# Recommend me a BOA boot



## WasatchMan (Aug 30, 2011)

It's pointless.

You need something that fits YOUR feet and is comfortable to YOU.

Your only option is to head to your local shop and try a few on, see what feels best.


----------



## jpfaherty2 (Aug 13, 2008)

Good point lol. 

I rock burton hails now but I was looking into a boa boot. I should really get out there and try some on tho haha. Such a newb!


----------



## Efilnikufesin (Oct 8, 2011)

Rather like my Ride Jackson Boa's for freeride, broke a wheel off end of last year(used it for 40+ days and I am rough on my gear) but was otherwise solid with good foot hold. Wheel replaced easily enough for free, but would hold onto your old boots unless you want to rent the crap they offer if the wheel or laces break on the mountain.

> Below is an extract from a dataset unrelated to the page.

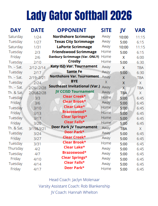 The Lady Gator Softball teams are compiled of female student-athletes in grades 9-12 who compete on the JV and Varsity level. Our season begins in mid-January and district play concludes at the end of April. Games and tournaments take place on Tuesday's, Friday's, and some on weekends. The softball team practices every day after school at the DHS Softball field. The Lady Gator's are led by Head Coach Jaclyn Molenaar and Assisted by Coach Rob Blankenship and Hannah Whelton.

PS: Bring your old boots with you too, so if it does happen to break when least expected it on an awesome trip, your last day doesn't have to be spent in shitty rentals!


----------



## t21 (Dec 29, 2010)

i have the 32 focus boa for this season,stiff boot but solid.just need to break'em in soon.


----------



## jdang307 (Feb 6, 2011)

I just got a pair of K2 Maysis in. I targeted them because I hear they are slightly wider than others (I have a wide foot) and the inner boa that clamps the ankle down. I have ridiculous heel lift. I mean my foot can almost slip right out of a boot.


----------



## DanX (Oct 19, 2011)

I have last year's DC Judges and I love them. They're stiff, light, quick, easy to get in and out of, and super comfortable. If you got the loot, check them out.

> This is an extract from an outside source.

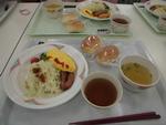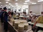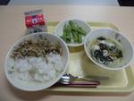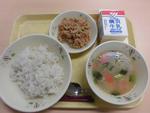 そして給食がスタートです。1年生もしっかり身支度して準備OK。今日は豚汁とツナそぼろ、麦ごはん、牛乳の献立です。残さず食べましょう。

Whatever BOA you get, I'd make sure they're dual zone. I had a set of 32 single zone BOAs a few years ago and I hated the way they distributed pressure throughout the boot.


----------



## civic2tegg (Sep 30, 2011)

You really just need to try them on like Wasatchman said but look at the K2's I just got a pair of 12' Maysis and the internal Boa is awesome my favorite boot out of the probably 20 I tried on.


----------



## FL_Boarder (Oct 28, 2011)

Trying on boots is a must! There were a lot of boots that I had heel lift in. I decided to go BOA but not completely break the bank so I bought the Ride Anthem BOA boots. They just have 1 dial not 2 but I have no issues, but that is me.


----------



## snwbrddreams (Aug 2, 2010)

You need to try on some boots and see how they fit YOUR feet. I've had good luck with K2 and think the new Maysis with the double Boa are sweet. I'd recommend at least checking them out. I've had a pair of K2 Boas for a few years and loved them. They finally felll apart and I had to go boot shopping. I knew I wanted Boa, I like my boots nice and tight while boarding but have to loosen them up while waiting on or riding lifts, and Boa makes it convenient if you constantly adjust your boots. I ended up trying the Maysis. They were comfortable and the double Boa system will really let you dial in your fit plus after heat molding to my feet they should fit like a glove. As soon as I get the new board and bindings paid off (I went boot shopping and left with a new board and bindings but no boots) I'm getting the Maysis. All thats left is to decide on black or Oxblood?...


----------